School of Computer Science and Technology, Shandong University of Finance and Economics, Jinan, China.
School of Information Science and Technology, Linyi University, Linyi, China.
Sci Data. 2024 Jul 27;11(1):824. doi: 10.1038/s41597-024-03658-6.

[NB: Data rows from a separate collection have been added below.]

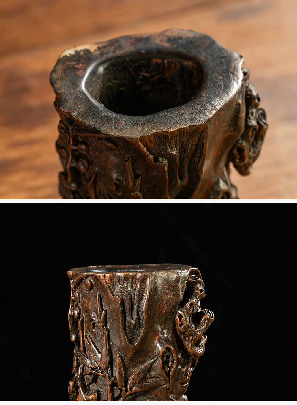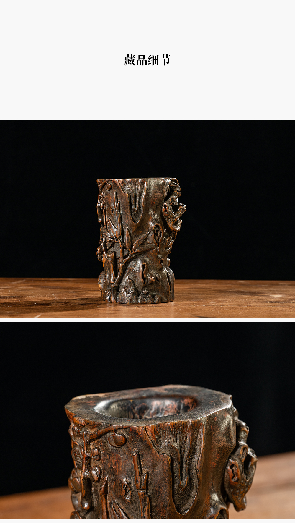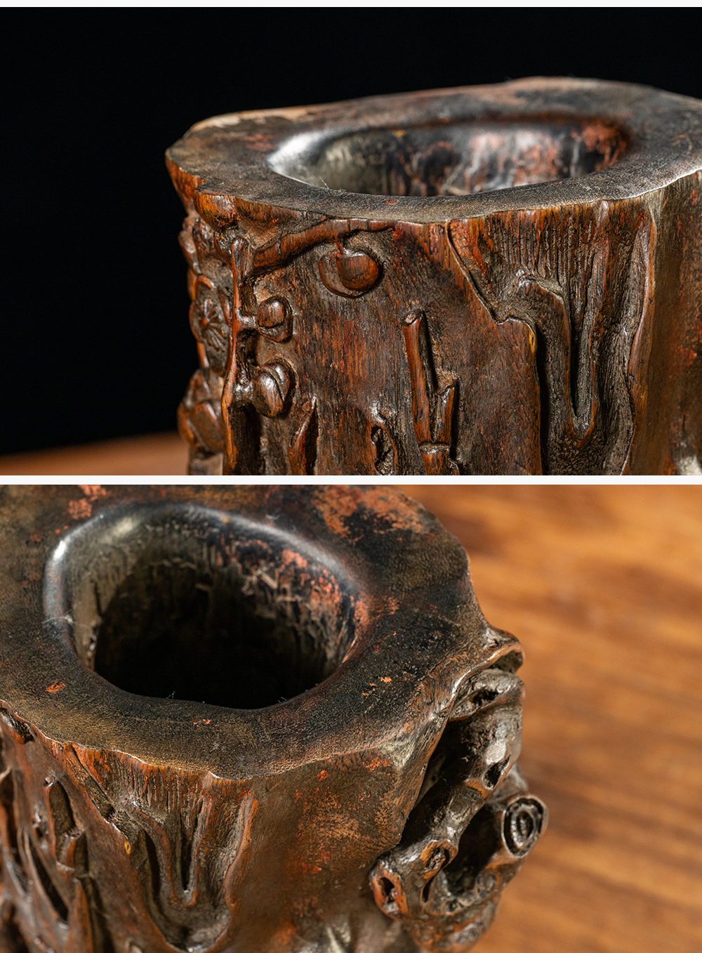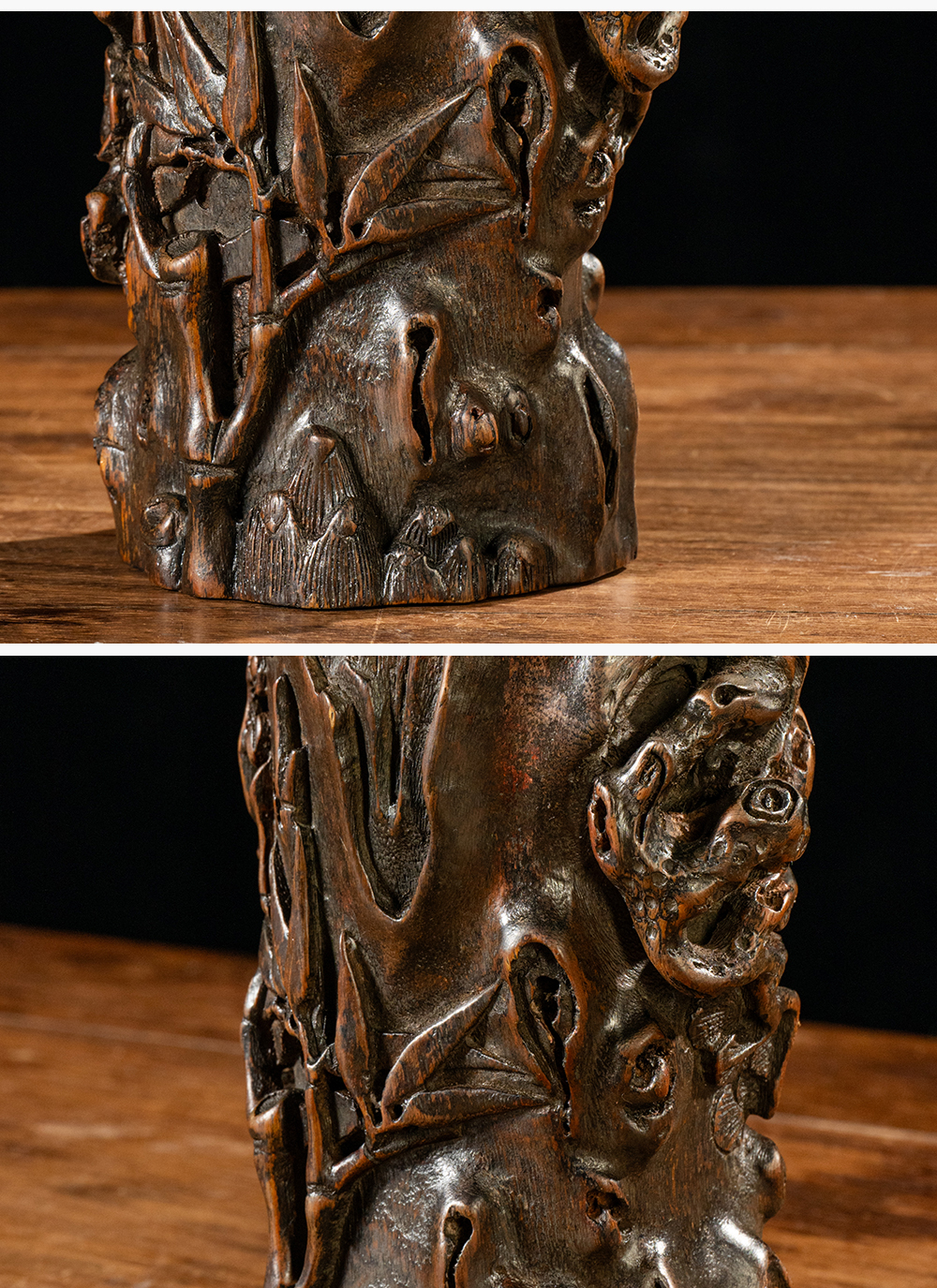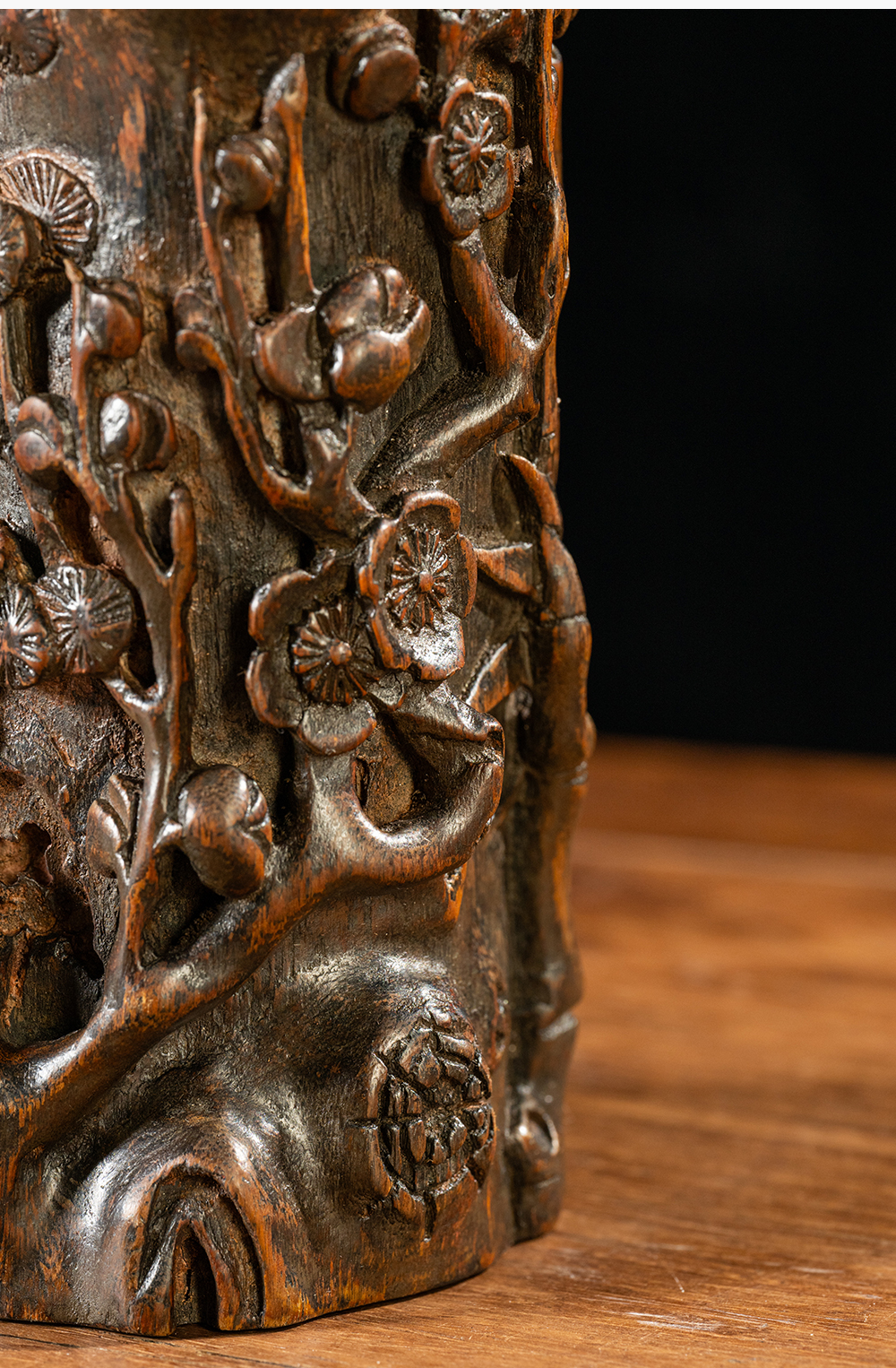 清 沉香木雕“岁寒三友”笔筒
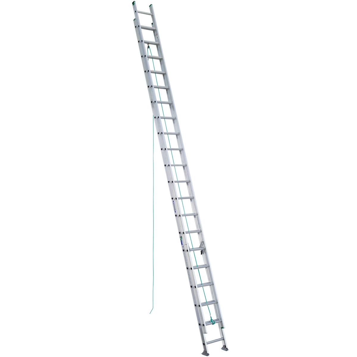 The D1240-2 aluminum extension ladder delivers a 225 lb Type II duty rating with interlocking side rails and slip-resistant Traction-Tred D-rungs. Exclusive Alflo rung joints provide Twist-Proof performance, while heavy-duty spring-loaded locks operate smoothly. The SHU-LOK shoe rests flat on a slip-resistant pad or locks into a spur position for traction, and mar-resistant end caps help protect contact surfaces. Includes smooth-operating pulley with polypropylene rope and heavy-duty modified I-beam side rails.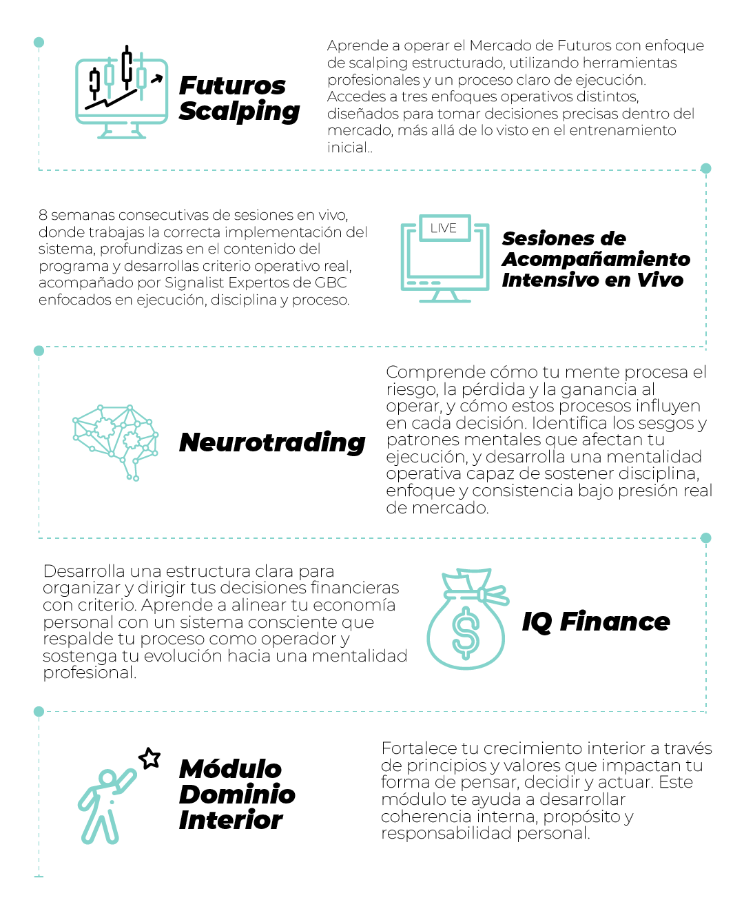 Durante 8 semanas, participas en 16 sesiones en vivo junto a Signalist Expertos de GBC, donde: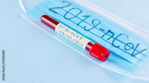 Coronavirus - 2019-nCoV. Test tube with blood identified by the 2019-nCoV coronavirus on blue background. Protective medical mask and syringe. MERS-Cov middle East respiratory syndrome coronavirus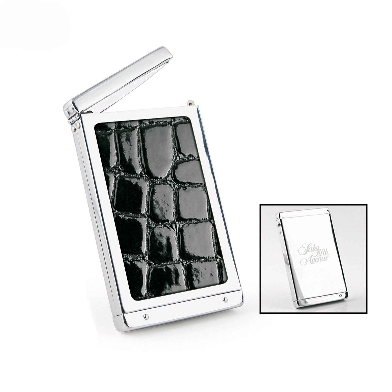 - Business card case in polished chrome with black croco insert.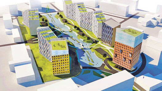 Раньше по этой территории протекала речка Переспа. Сегодня вода бежит по подземному коллектору, над которым ничего нельзя строить. Поэтому над бывшей речкой предлагается разбить пешеходную улицу с хорошим благоустройством. А вдоль нее вырастут здания переменной этажности. В качестве «берегов» выступают платформы-стилобаты, в которых будут расположены объекты сферы услуг, развлекательно-оздоровительного направления, а также несколько паркингов в общей сложности на 1000 машино-мест.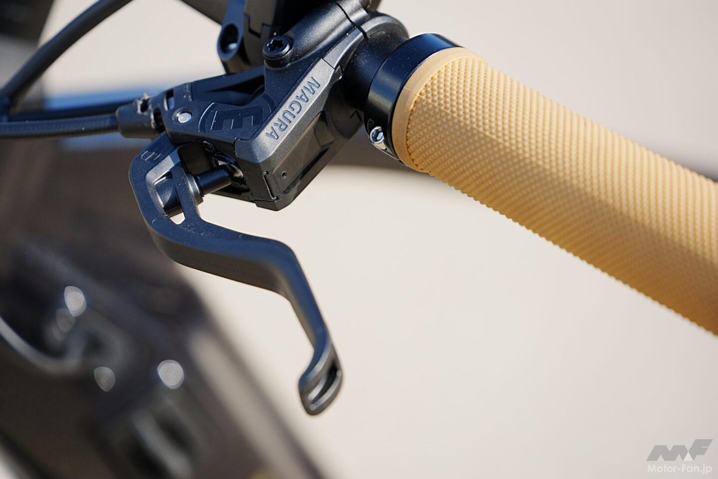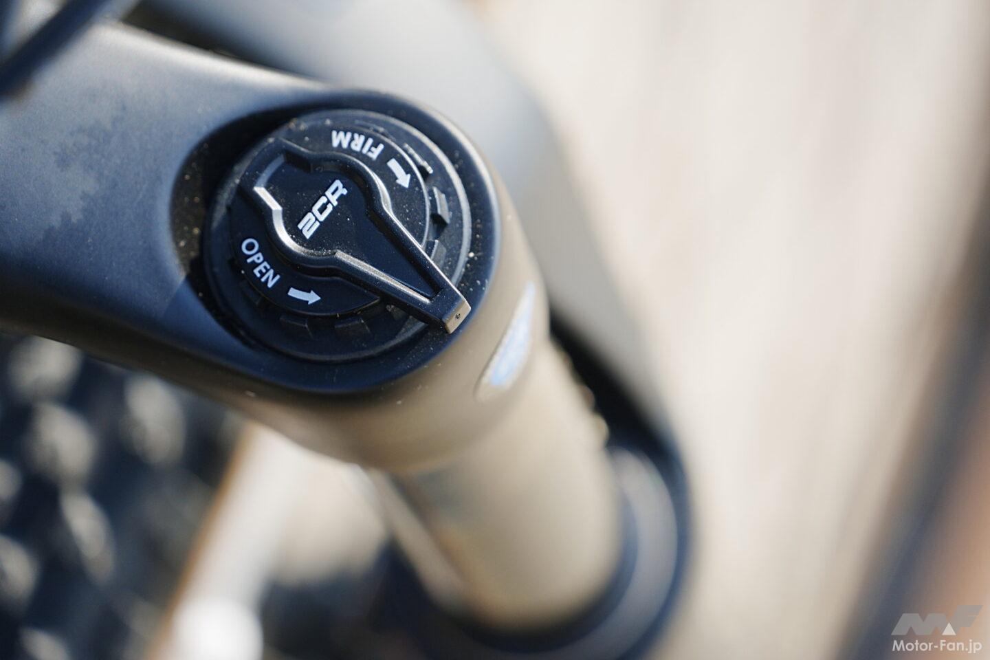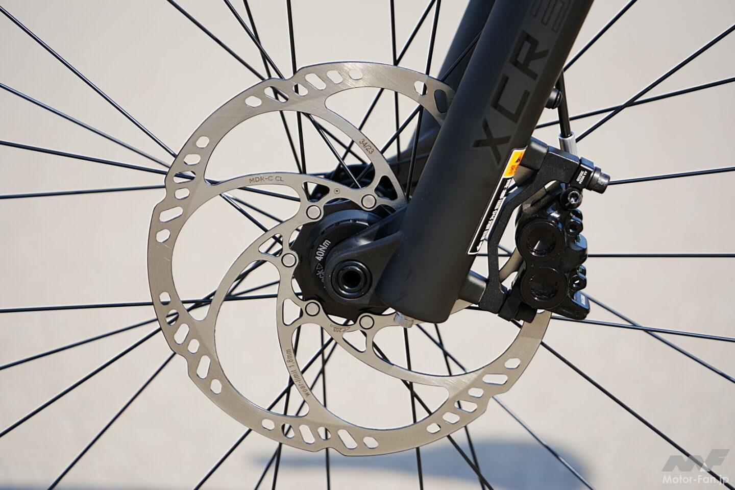 車体構成はクロスコアRCのオンロード性能をベースにしつつ、オフロード対応コンポーネントを組み合わせたものだ。ドライブユニットには小型軽量でパワフルなPWシリーズS2を搭載し、リヤのギヤには10-51Tというワイドレシオを採用。急勾配でも余裕を持って走破できる。ブレーキはフラッグシップMT Proと同系統のマグラ製を採用し、高い制動力とコントロール性を確保した。さらにハンドルのレバー操作でサドルの上下調整が可能なドロッパーシートポストを標準装備し、路面状況に応じたポジション変更を容易にしている。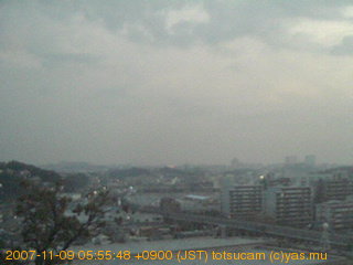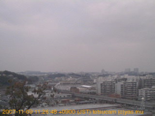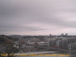 適度に曇った日の雲の動き (例: 2005-10-24) がとても楽しめます。 正面を横切っている高架は横須賀線下りです。 その下に横須賀線上り、東海道線、同貨物線が走っていますが、 高架に隠れていてよく見えません。 夜間は特に中央左寄りの車の動きがよく見えます。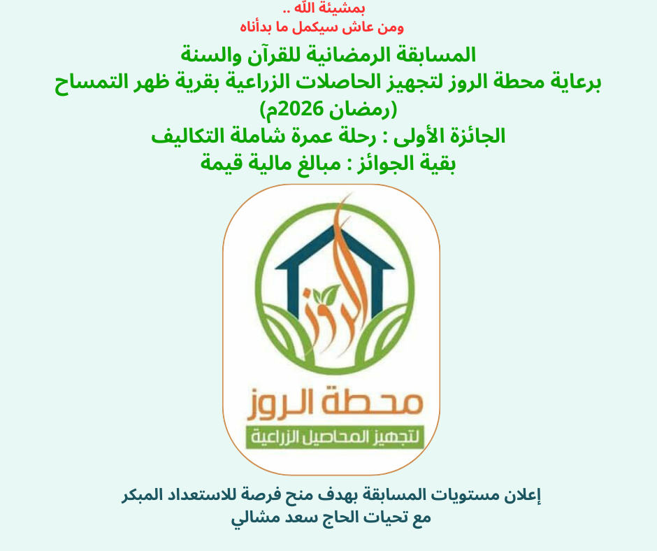 2- الاشتراك في المسابقة مفتوح فقط لكل متسابق من إيتاي البارود وذلك يشمل (المدينة ومجالس القرى وكل توابعها)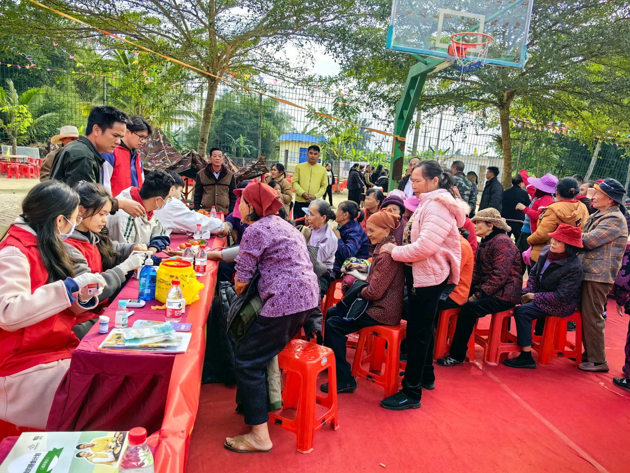 在活动中,师生党员分为两组,一组在长荣村新建的健康广场为村民们测血压、血糖,并与省疾控专家一起开展营养咨询活动;另一组在长荣村委会为当地的村干部、村民开展心肺复苏培训,学生党员详细讲解了心肺复苏的步骤及操作要点,进行现场演示,并让村干部们在模拟人上进行演练。活动后,师生党员与省疾控中心的同志们一起参加长荣村健康广场落成仪式。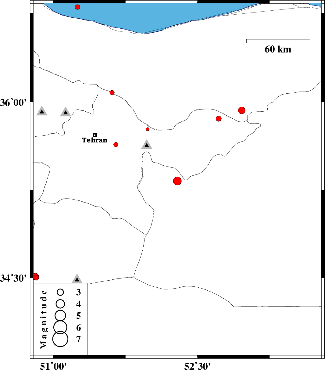 | 2014/11/17 | 09:34:30.8 | 13:04:30.8 | 36.8 | 51.25 | 16 | ML2.2 | Caspian Sea, 23 km North-West of Chalus | ||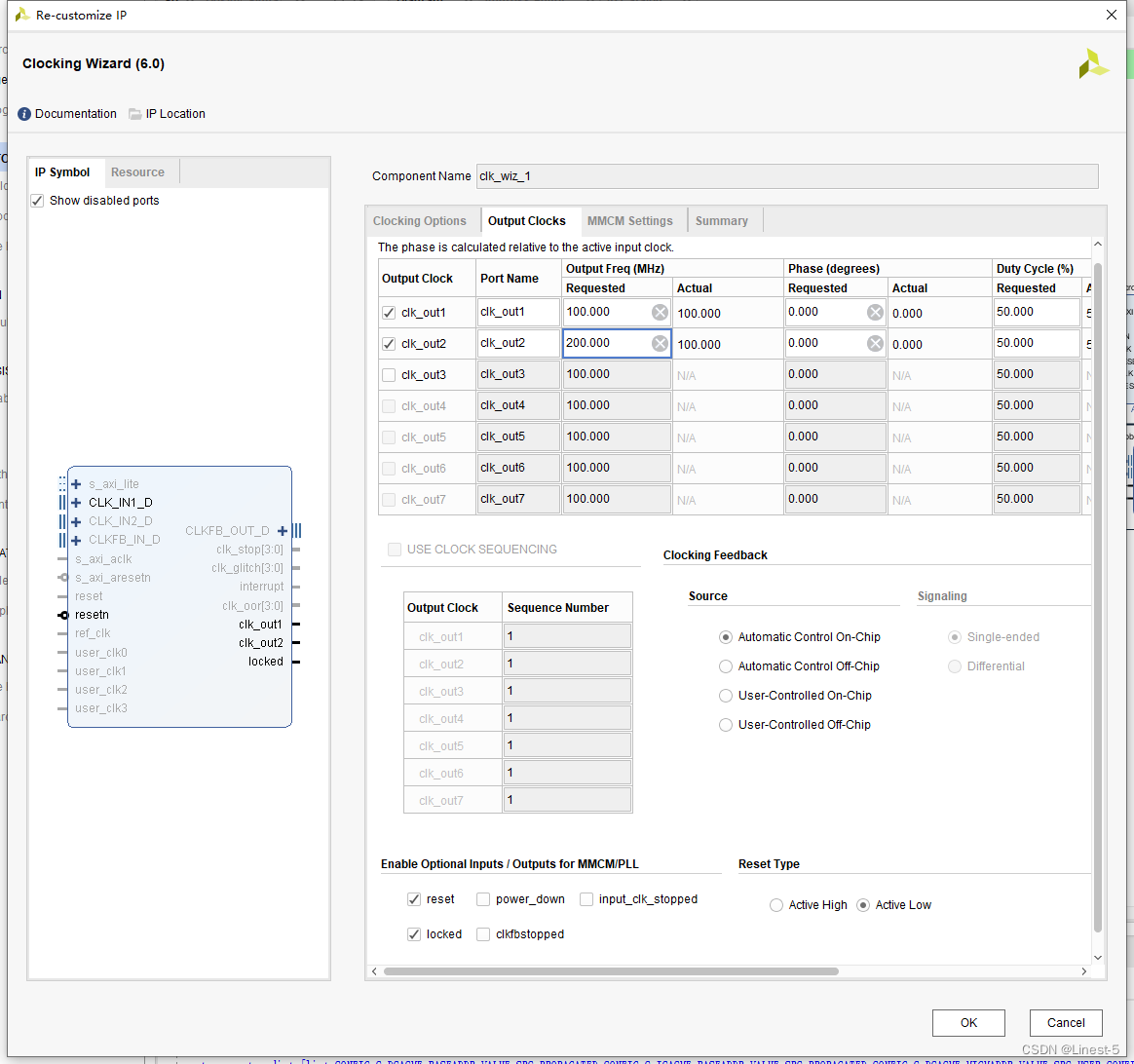 take PLL Add a clock output , And configure reset to low effective ,clk_out1 It's for microblaze_0、 uart、 spi And other modules provide clocks ; clk_out2 to mig_7series_0 The module provides a clock .
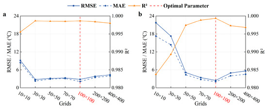 As shown in Figure 10, the variation in prediction accuracy with respect to grid resolution exhibited a similar trend across both wells. Initially, increasing the number of grid cells led to a rapid improvement in accuracy. However, beyond a certain point, further refinement resulted in diminishing returns and even a slight degradation in performance. This was attributed to oversmoothing and overfitting effects introduced by excessive grid refinement. Conversely, overly coarse grids caused excessive spatial averaging, masking local temperature variations, and reducing model fidelity.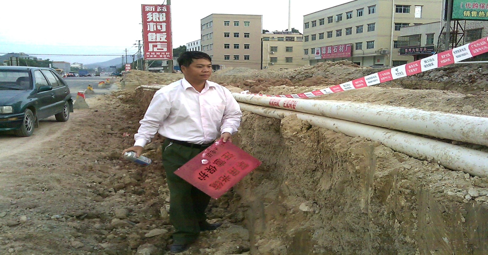 自从惠东乌塘桥到收费站324国道13公里公路拓宽施工开工以来,一直严重影响我司线路安全。工地上大型挖土机、钻井机、推土机等各种机械在工地上穿梭作业,多次在我方线路上开挖沟槽、做排水沟、填土、打桩、钻探路基。为了保护线路安全,做好线路维护工作,我坚持对此段线路一天三巡或多巡的原则,只要哪里有动土我都会第一时间赶到现场监督施工,对施工人员一次又一次地指明我司光缆的走向、深度和告知破坏光缆的严重性等。目前此段线路施工日益增多,我司光缆也大部分都露在地面,为了防止光缆被破坏或被捡垃圾的人员拾走,我每天清早一段一段地查看并做好线路保护措施,对每处在露光缆喷上油漆、竖立警示牌、挂警示标语、拉警戒带、做好四道防线;并向附近的居民发放传单做宣传工作,每隔一段距离定个宣传点,留下我们的电话、联系方式,把保护工作做到深入人心,只要有施工动土都可以第一时间通知到我们。每到一处施工现场的时候我都会跟施工人员多次指明我司光缆的走向,并要求他们施工前必须挖探沟,在现场督导施工进度,跟进每处的施工动态,防止他们野蛮作业,和同路由单位一起保护好光缆的畅通。

Recently, Computer-Aided Diagnosis (CAD) systems have emerged as indispensable tools in clinical diagnostic workflows, significantly alleviating the burden on radiologists. Nevertheless, despite their integration into clinical settings, CAD systems encounter limitations. Specifically, while CAD systems can achieve high performance in the detection of lung nodules, they face challenges in accurately predicting multiple cancer types. This limitation can be attributed to the scarcity of publicly available datasets annotated with expert-level cancer type information. This research aims to bridge this gap by providing publicly accessible datasets and reliable tools for medical diagnosis, facilitating a finer categorization of different types of lung diseases so as to offer precise treatment recommendations. To achieve this objective, we curated a diverse dataset of lung Computed Tomography (CT) images, comprising 330 annotated nodules (nodules are labeled as bounding boxes) from 95 distinct patients. The quality of the dataset was evaluated using a variety of classical classification and detection models, and these promising results demonstrate that the dataset has a feasible application and further facilitate intelligent auxiliary diagnosis.
最近,计算机辅助诊断(CAD)系统已经成为临床诊断工作流程中不可或缺的工具,大大减轻了放射科医生的负担。然而,尽管 CAD 系统已经集成到临床环境中,但它们仍存在局限性。具体来说,虽然 CAD 系统在检测肺结节方面可以达到很高的性能,但它们在准确预测多种癌症类型方面面临挑战。这种局限性可以归因于缺乏具有专家级癌症类型信息注释的公开可用数据集。本研究旨在通过提供公开可用的数据集和可靠的医疗诊断工具来弥合这一差距,以便更精细地对不同类型的肺部疾病进行分类,从而提供精确的治疗建议。为了实现这一目标,我们整理了一个包含 95 名不同患者的 330 个注释结节(结节用边界框标记)的肺部 CT 图像的多样化数据集。我们使用各种经典的分类和检测模型评估了数据集的质量,这些有前途的结果表明该数据集具有可行的应用,并进一步促进了智能辅助诊断。